- [EXERCISE INSTRUCTIONS]
Transcribe every entry word for word, leaving out all images.

--- START ---

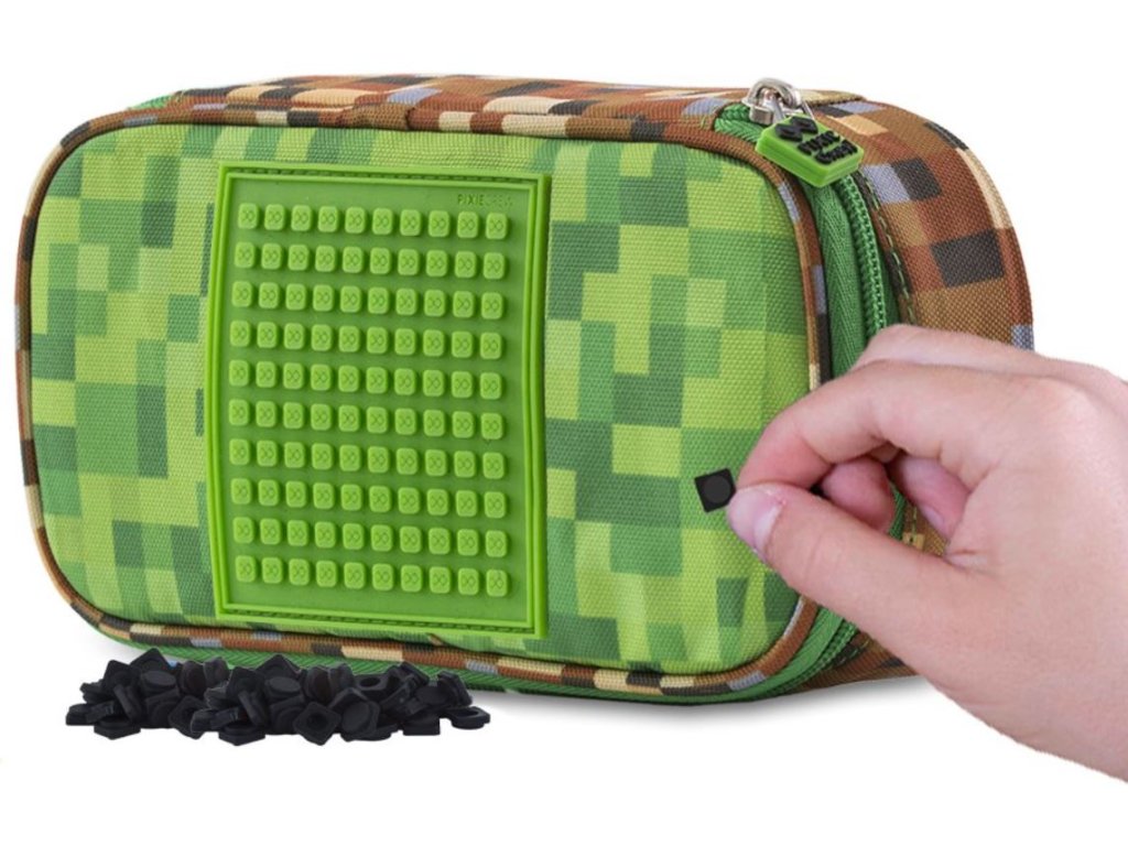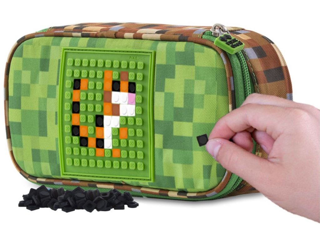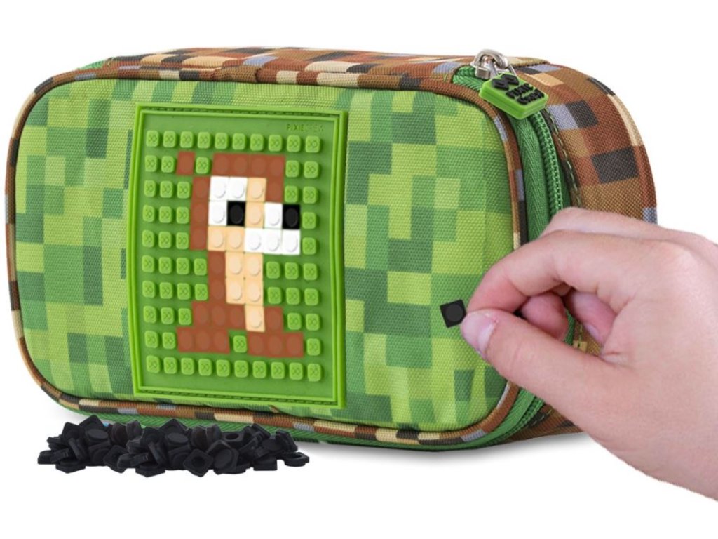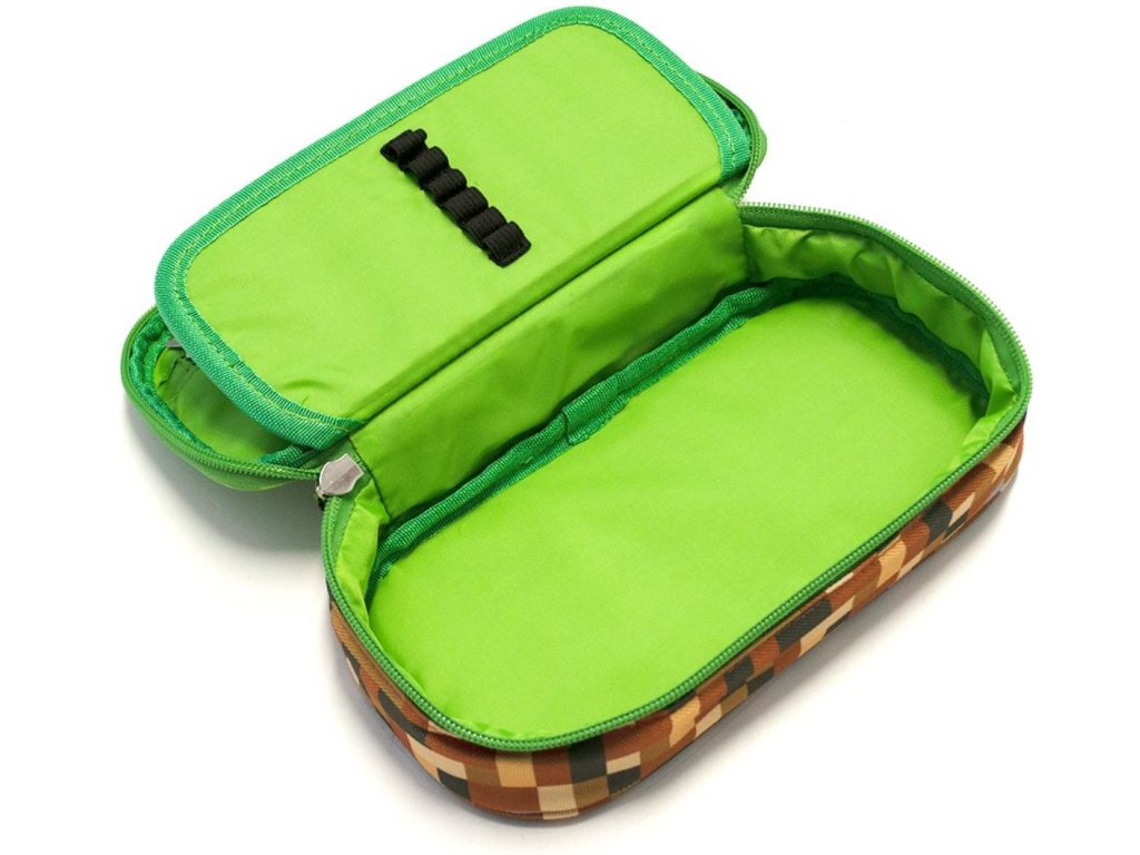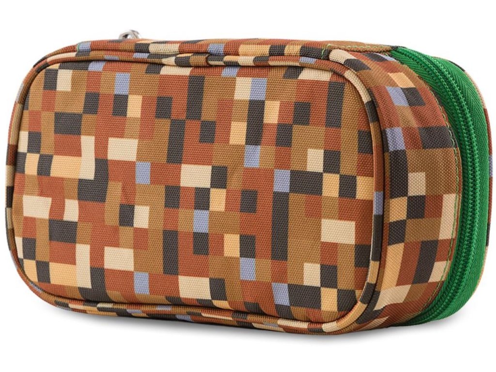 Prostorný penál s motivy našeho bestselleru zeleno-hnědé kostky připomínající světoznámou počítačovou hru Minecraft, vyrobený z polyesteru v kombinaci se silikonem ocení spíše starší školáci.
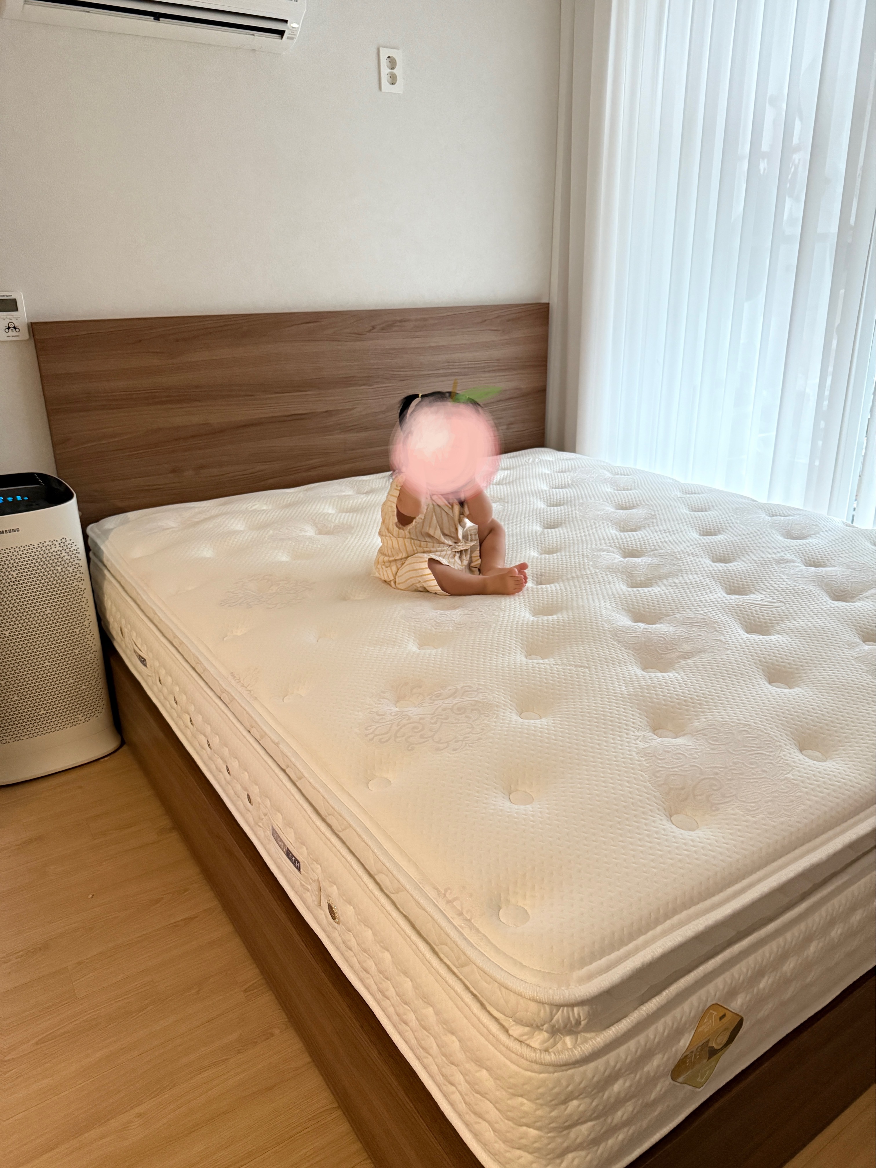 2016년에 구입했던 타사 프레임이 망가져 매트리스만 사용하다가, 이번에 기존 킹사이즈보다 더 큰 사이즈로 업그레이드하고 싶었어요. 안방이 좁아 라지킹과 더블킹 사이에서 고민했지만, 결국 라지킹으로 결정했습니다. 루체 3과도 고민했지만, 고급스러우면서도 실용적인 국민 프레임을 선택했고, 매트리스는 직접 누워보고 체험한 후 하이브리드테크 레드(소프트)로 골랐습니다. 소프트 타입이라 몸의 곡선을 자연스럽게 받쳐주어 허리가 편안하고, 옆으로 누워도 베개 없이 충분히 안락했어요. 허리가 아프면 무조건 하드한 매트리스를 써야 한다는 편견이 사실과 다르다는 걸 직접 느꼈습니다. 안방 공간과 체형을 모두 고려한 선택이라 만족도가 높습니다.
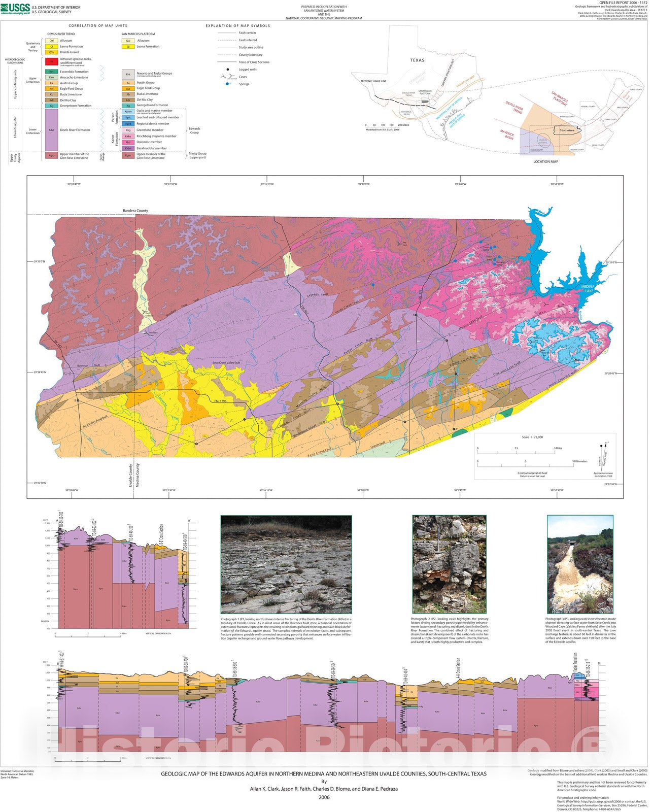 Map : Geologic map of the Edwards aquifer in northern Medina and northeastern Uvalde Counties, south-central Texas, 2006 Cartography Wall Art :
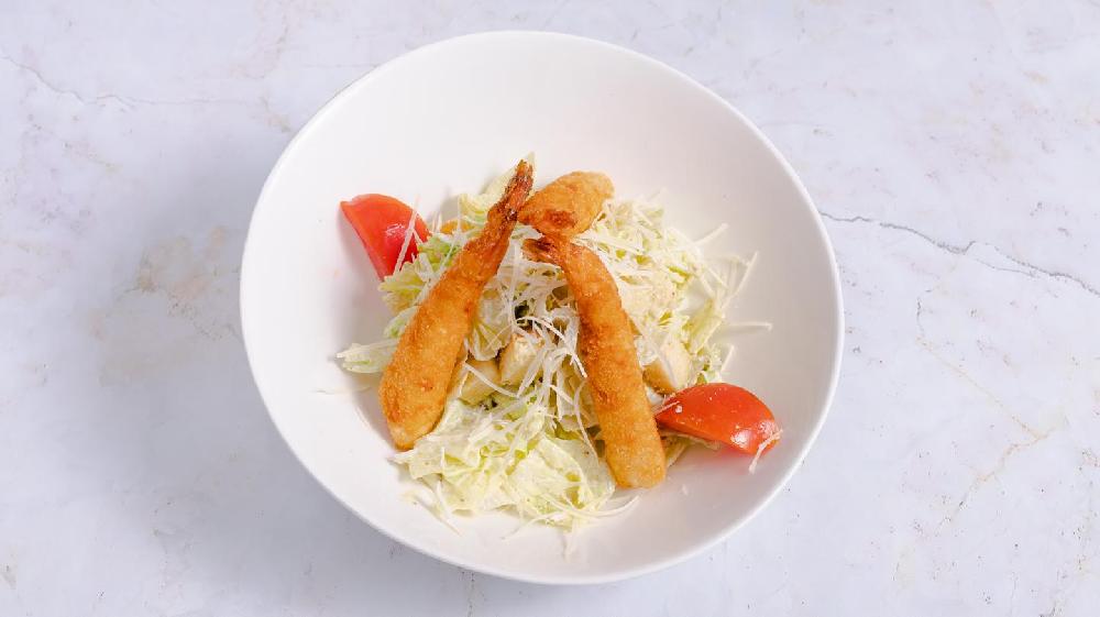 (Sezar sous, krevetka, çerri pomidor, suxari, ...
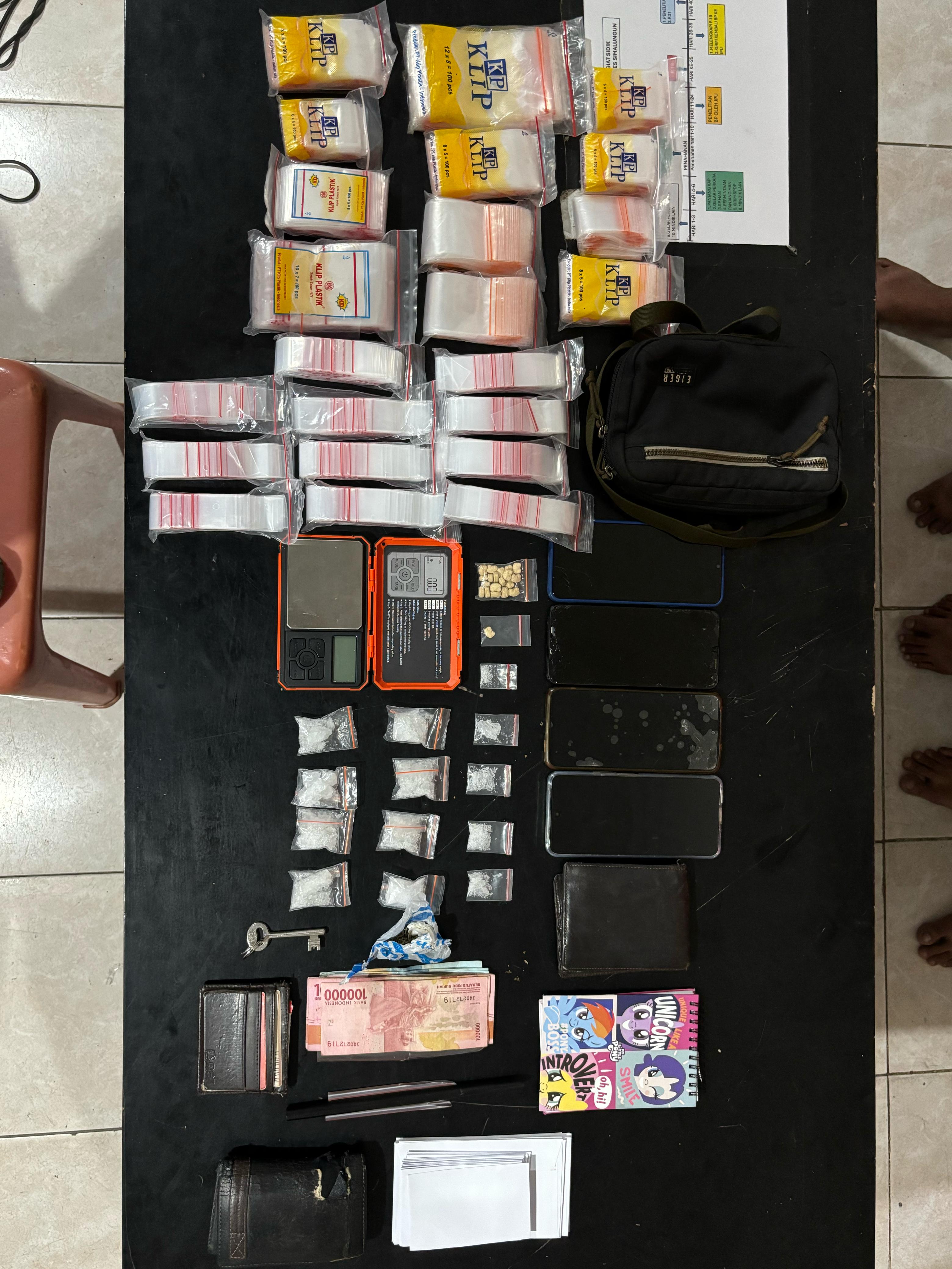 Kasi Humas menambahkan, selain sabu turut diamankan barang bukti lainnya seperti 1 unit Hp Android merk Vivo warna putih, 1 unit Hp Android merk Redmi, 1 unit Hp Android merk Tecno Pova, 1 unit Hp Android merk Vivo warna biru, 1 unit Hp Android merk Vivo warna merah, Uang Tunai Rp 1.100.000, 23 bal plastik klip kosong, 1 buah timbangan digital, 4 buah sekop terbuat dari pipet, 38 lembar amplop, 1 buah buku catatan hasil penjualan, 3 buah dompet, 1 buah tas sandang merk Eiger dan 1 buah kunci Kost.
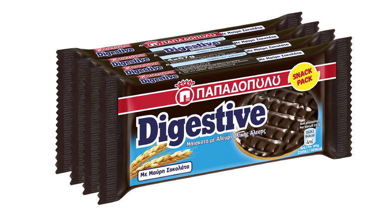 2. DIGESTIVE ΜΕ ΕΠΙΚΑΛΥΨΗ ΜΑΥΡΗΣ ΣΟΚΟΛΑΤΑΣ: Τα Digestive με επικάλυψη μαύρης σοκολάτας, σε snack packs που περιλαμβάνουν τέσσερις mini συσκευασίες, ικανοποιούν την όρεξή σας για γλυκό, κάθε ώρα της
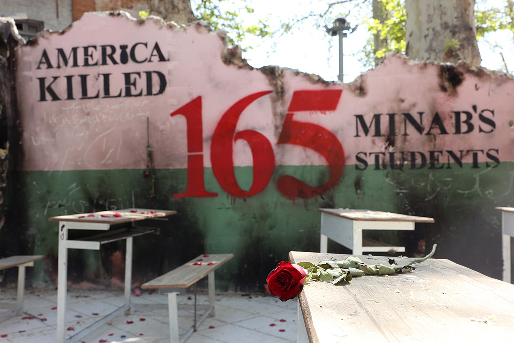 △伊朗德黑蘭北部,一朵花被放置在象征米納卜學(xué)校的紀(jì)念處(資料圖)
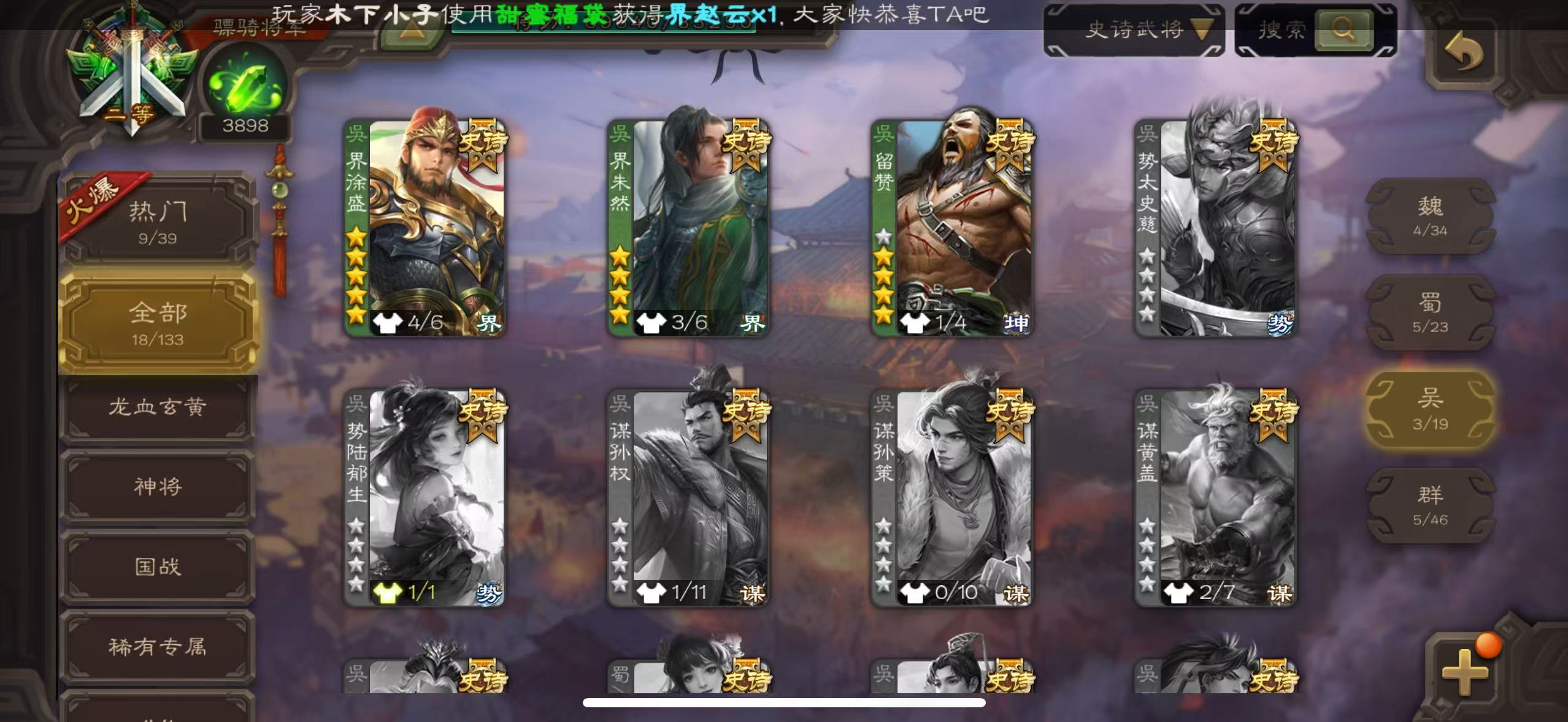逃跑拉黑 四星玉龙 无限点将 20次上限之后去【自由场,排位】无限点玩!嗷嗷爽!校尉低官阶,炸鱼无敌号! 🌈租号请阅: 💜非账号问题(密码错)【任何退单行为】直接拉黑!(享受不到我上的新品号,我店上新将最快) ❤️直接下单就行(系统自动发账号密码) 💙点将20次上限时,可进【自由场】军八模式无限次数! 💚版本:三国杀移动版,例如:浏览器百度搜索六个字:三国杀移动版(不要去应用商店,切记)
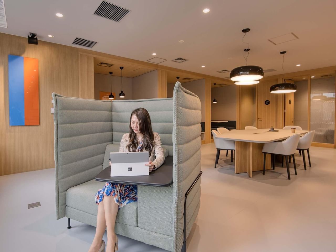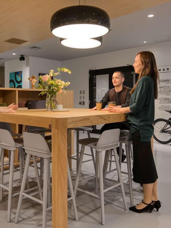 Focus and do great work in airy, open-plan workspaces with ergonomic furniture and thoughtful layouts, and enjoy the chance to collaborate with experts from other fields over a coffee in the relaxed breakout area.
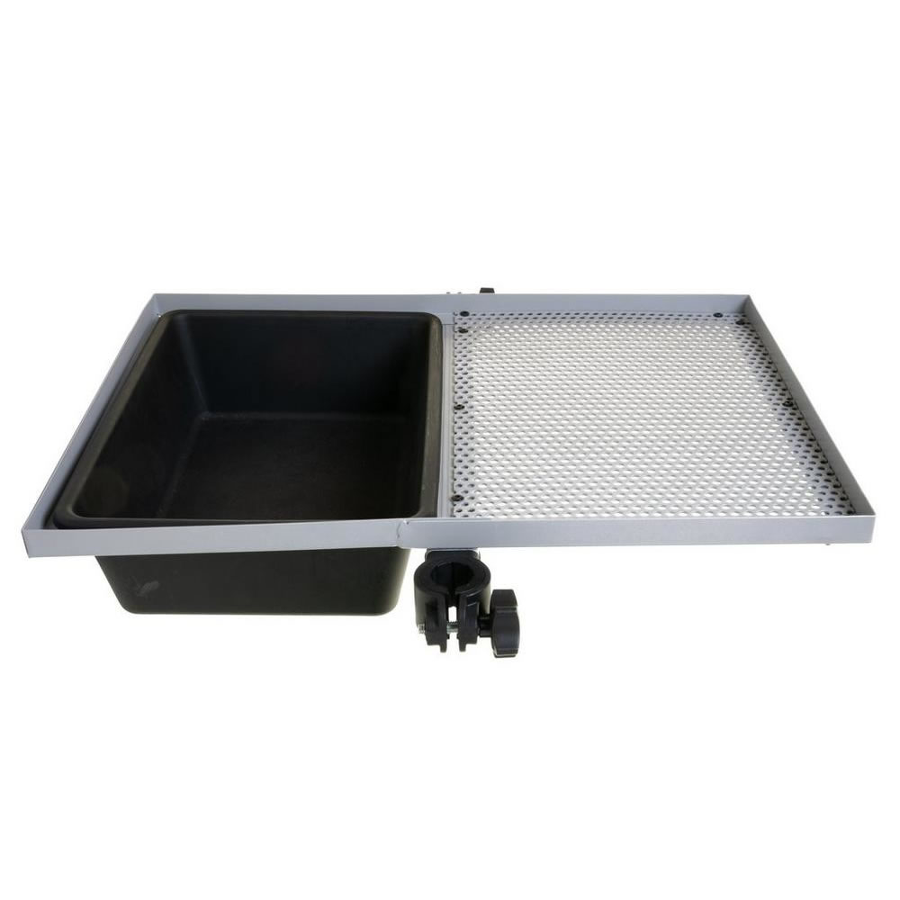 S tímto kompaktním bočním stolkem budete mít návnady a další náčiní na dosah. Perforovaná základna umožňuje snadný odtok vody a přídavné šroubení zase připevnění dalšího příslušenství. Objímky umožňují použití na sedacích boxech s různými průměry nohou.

--- END ---

- [SOLUTION FOR THIS EXERCISE]
 Prostorný penál s motivy našeho bestselleru zeleno-hnědé kostky připomínající světoznámou počítačovou hru Minecraft, vyrobený z polyesteru v kombinaci se silikonem ocení spíše starší školáci.
 2016년에 구입했던 타사 프레임이 망가져 매트리스만 사용하다가, 이번에 기존 킹사이즈보다 더 큰 사이즈로 업그레이드하고 싶었어요. 안방이 좁아 라지킹과 더블킹 사이에서 고민했지만, 결국 라지킹으로 결정했습니다. 루체 3과도 고민했지만, 고급스러우면서도 실용적인 국민 프레임을 선택했고, 매트리스는 직접 누워보고 체험한 후 하이브리드테크 레드(소프트)로 골랐습니다. 소프트 타입이라 몸의 곡선을 자연스럽게 받쳐주어 허리가 편안하고, 옆으로 누워도 베개 없이 충분히 안락했어요. 허리가 아프면 무조건 하드한 매트리스를 써야 한다는 편견이 사실과 다르다는 걸 직접 느꼈습니다. 안방 공간과 체형을 모두 고려한 선택이라 만족도가 높습니다.
 Map : Geologic map of the Edwards aquifer in northern Medina and northeastern Uvalde Counties, south-central Texas, 2006 Cartography Wall Art :
 (Sezar sous, krevetka, çerri pomidor, suxari, ...
 Kasi Humas menambahkan, selain sabu turut diamankan barang bukti lainnya seperti 1 unit Hp Android merk Vivo warna putih, 1 unit Hp Android merk Redmi, 1 unit Hp Android merk Tecno Pova, 1 unit Hp Android merk Vivo warna biru, 1 unit Hp Android merk Vivo warna merah, Uang Tunai Rp 1.100.000, 23 bal plastik klip kosong, 1 buah timbangan digital, 4 buah sekop terbuat dari pipet, 38 lembar amplop, 1 buah buku catatan hasil penjualan, 3 buah dompet, 1 buah tas sandang merk Eiger dan 1 buah kunci Kost.
 2. DIGESTIVE ΜΕ ΕΠΙΚΑΛΥΨΗ ΜΑΥΡΗΣ ΣΟΚΟΛΑΤΑΣ: Τα Digestive με επικάλυψη μαύρης σοκολάτας, σε snack packs που περιλαμβάνουν τέσσερις mini συσκευασίες, ικανοποιούν την όρεξή σας για γλυκό, κάθε ώρα της
 △伊朗德黑蘭北部,一朵花被放置在象征米納卜學(xué)校的紀(jì)念處(資料圖)
逃跑拉黑 四星玉龙 无限点将 20次上限之后去【自由场,排位】无限点玩!嗷嗷爽!校尉低官阶,炸鱼无敌号! 🌈租号请阅: 💜非账号问题(密码错)【任何退单行为】直接拉黑!(享受不到我上的新品号,我店上新将最快) ❤️直接下单就行(系统自动发账号密码) 💙点将20次上限时,可进【自由场】军八模式无限次数! 💚版本:三国杀移动版,例如:浏览器百度搜索六个字:三国杀移动版(不要去应用商店,切记)
 Focus and do great work in airy, open-plan workspaces with ergonomic furniture and thoughtful layouts, and enjoy the chance to collaborate with experts from other fields over a coffee in the relaxed breakout area.
 S tímto kompaktním bočním stolkem budete mít návnady a další náčiní na dosah. Perforovaná základna umožňuje snadný odtok vody a přídavné šroubení zase připevnění dalšího příslušenství. Objímky umožňují použití na sedacích boxech s různými průměry nohou.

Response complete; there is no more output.